Gray wolf Where the animal is: Habitat: The gray wolf habitat, in the past, included areas as varied as deserts of Egypt and the bone chilling, icy tundras. The gray wolf is as adaptable as man; it is no wonder that the habitat of the gray wolf is spread all over the world. The Great Plains Wolf, which is a subspecies of the gray wolf, is a native to the gray wolf habitats in North America. It is also known as the buffalo wolf or the Eastern timber wolf. Once, these gray wolves dominated and claimed the vast stretches of continental US, especially, the western United States and southern Canada as their habitat.

Today, Minnesota, Michigan, and Wisconsin serve as the gray wolf habitat. Occasionally, these gray wolves have been reported in the states of Dakota and Nebraska. Destruction of the habitat: Originally, Gray Wolves had the largest distribution of any mammal except humans. Their geographic range was mainly in the Northern hemisphere spanning from the Arctic towards South America and Southern Asia. Today due to habitat destruction and environmental changes, the Gray Wolf is found only in the United States, Alaska, Canada, Mexico, and Eurasia.

Unfortunately, by the mid-1930s, the killing of wolves greatly reduced the Gray Wolf population in the United States to parts of Alaska, Idaho, Michigan, Minnesota, Montana, Wisconsin and Wyoming. Today, Minnesota has the largest wolf population of any U. S state! What is being done to save the gray wolf? Wolf reintroduction  involves the artificial reestablishment of a population of wolves into areas where they had been previously extirpated.
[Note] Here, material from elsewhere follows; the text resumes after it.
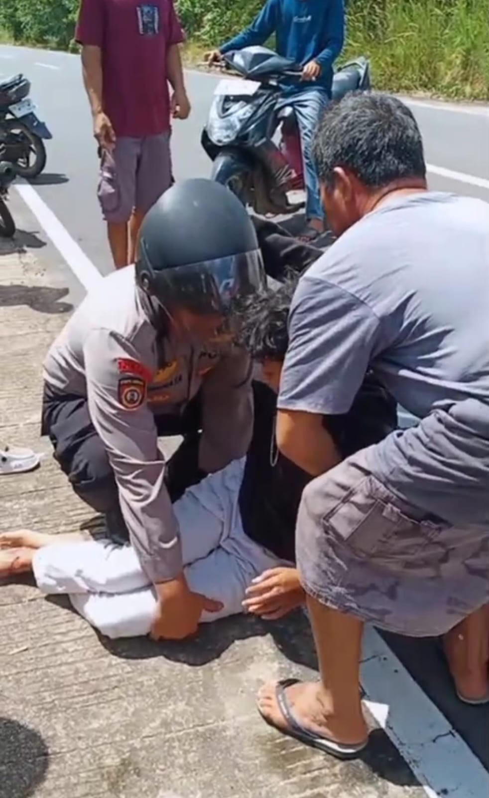 Polisi Patroli Sigap Selamatkan Korban Kecelakaan Motor di Pantai Baru Batu Rakit Bangka Barat
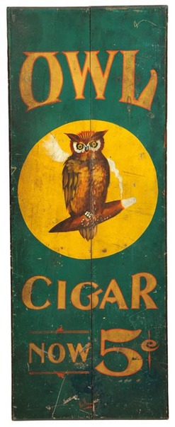 | Abe Abram artist signed Owl Cigars painted board advertising sign; image credit on full record. |

Wolf reintroduction is only considered where large tracts of suitable wilderness still exist and where certain prey species are abundant enough to support a predetermined wolf population.

The five last known wild Mexican grey wolves were captured in 1980 in accordance with an agreement between the United States and Mexico intended to save the critically endangered subspecies. Since then, a comprehensive captive breeding program has brought Mexican wolves back from the brink. Currently, there are 300 captive Mexican wolves taking part in the program. The ultimate goal for these wolves, however, is to reintroduce them to areas of their former range.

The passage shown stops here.